# Assignment
Return all the lines below exactly as written. Drop every picture.

# Dataset excerpt
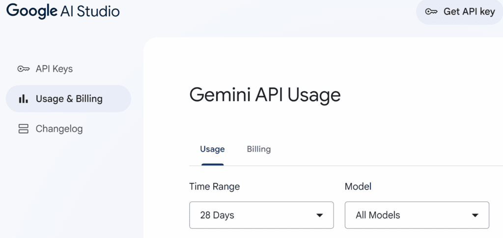 2. 在 Google AI Studio 頁面,點選左下角「Usage & Billing」
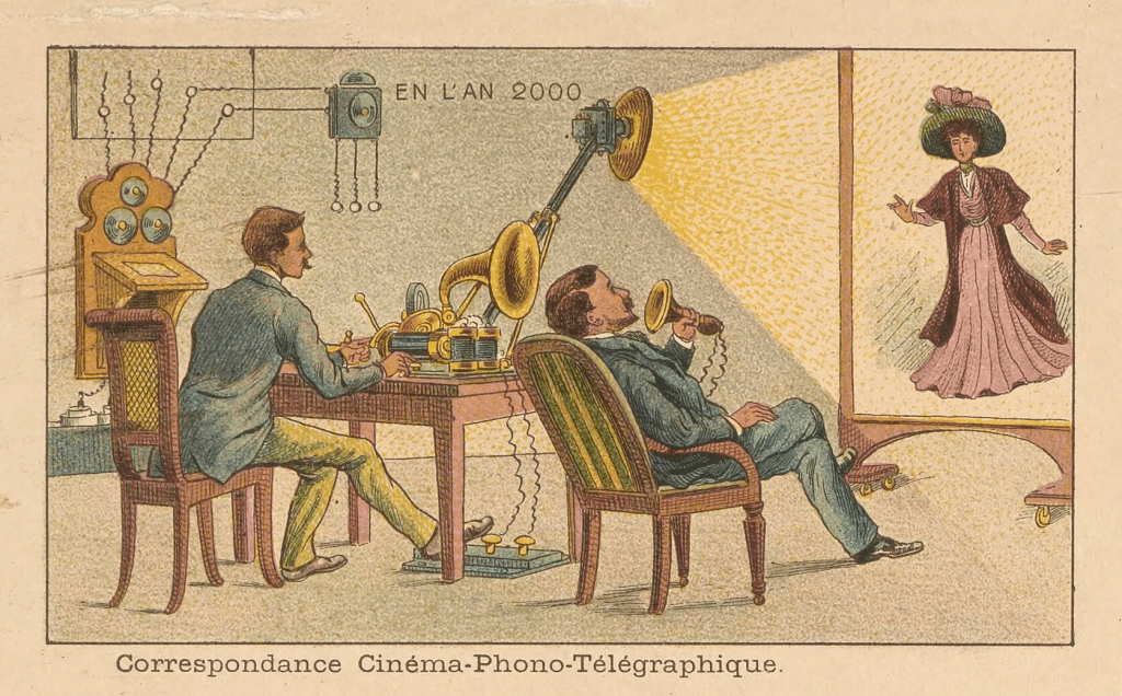 Cartão de Jean-Marc Côté (c. 1900) imaginando o ano 2000.. Imagem: Public Domain Review
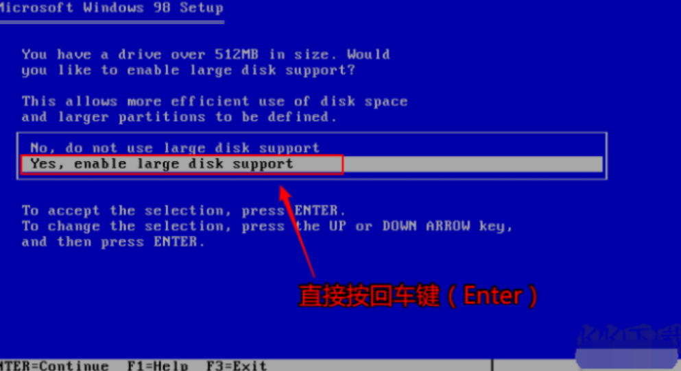 5、这里选择Yes, enable large disk support 回车。

# Task answer
 2. 在 Google AI Studio 頁面,點選左下角「Usage & Billing」
 Cartão de Jean-Marc Côté (c. 1900) imaginando o ano 2000.. Imagem: Public Domain Review
 5、这里选择Yes, enable large disk support 回车。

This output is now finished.